● What to produce
Reproduce every line of the listing as written, apart from the pictures.

● Available data
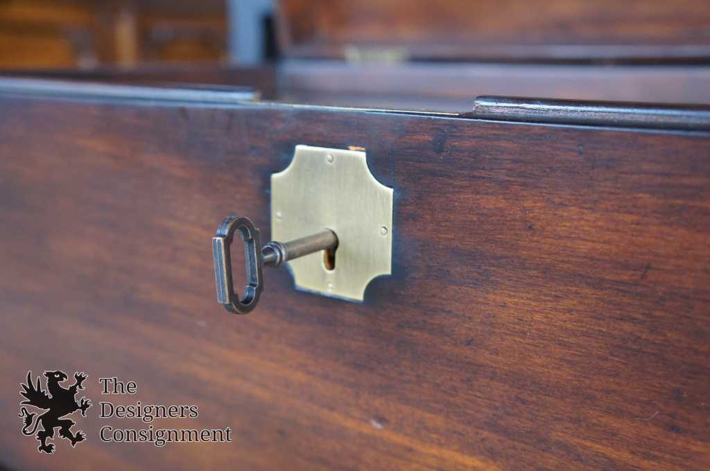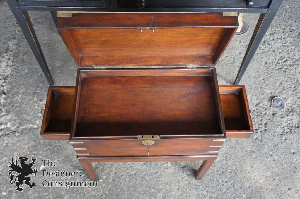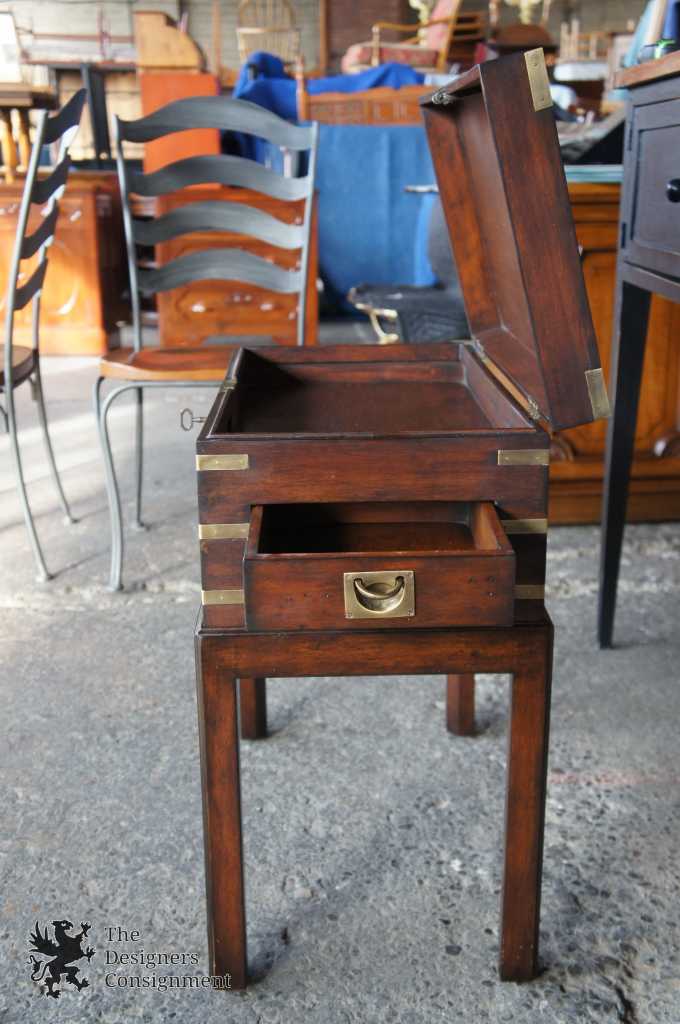 Sarreid Ltd Campaign Style Chest On Stand. Finished in Mahogany with brass banding. Includes 2 drawers with false space below and upper lockable compartment. Sarreid is based out of North Carolina and has been sourcing exceptionally crafted reproductions for over 50 years. This beautifully kept piece was purchased in the late 90s. Perfect for use as an end table or stand alone piece.
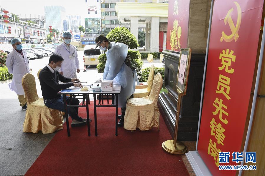 2月27日,深圳龍崗一家“健康驛站”的工作人員為重點(diǎn)疫區(qū)返回深圳的男子登記。
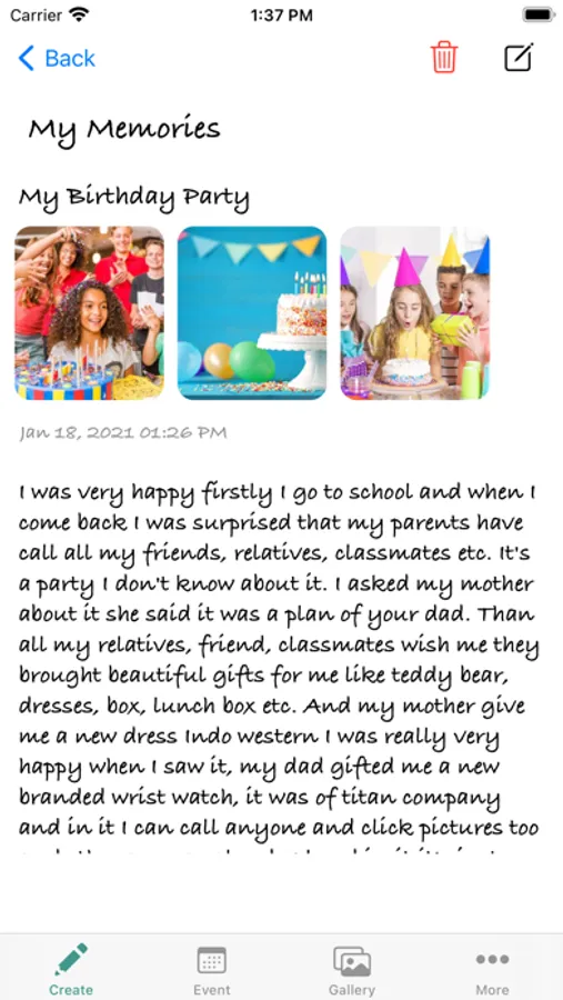 In this hectic world, we forget most things within time. The memory book contains an event planner. It set up a reminder to alert your events such as birthdays, anniversaries, appointments, or any other events. The user receives a notification on the allocated event day. It is also possible to reschedule events if any change occurred.

● Output of the task
 Sarreid Ltd Campaign Style Chest On Stand. Finished in Mahogany with brass banding. Includes 2 drawers with false space below and upper lockable compartment. Sarreid is based out of North Carolina and has been sourcing exceptionally crafted reproductions for over 50 years. This beautifully kept piece was purchased in the late 90s. Perfect for use as an end table or stand alone piece.
 2月27日,深圳龍崗一家“健康驛站”的工作人員為重點(diǎn)疫區(qū)返回深圳的男子登記。
 In this hectic world, we forget most things within time. The memory book contains an event planner. It set up a reminder to alert your events such as birthdays, anniversaries, appointments, or any other events. The user receives a notification on the allocated event day. It is also possible to reschedule events if any change occurred.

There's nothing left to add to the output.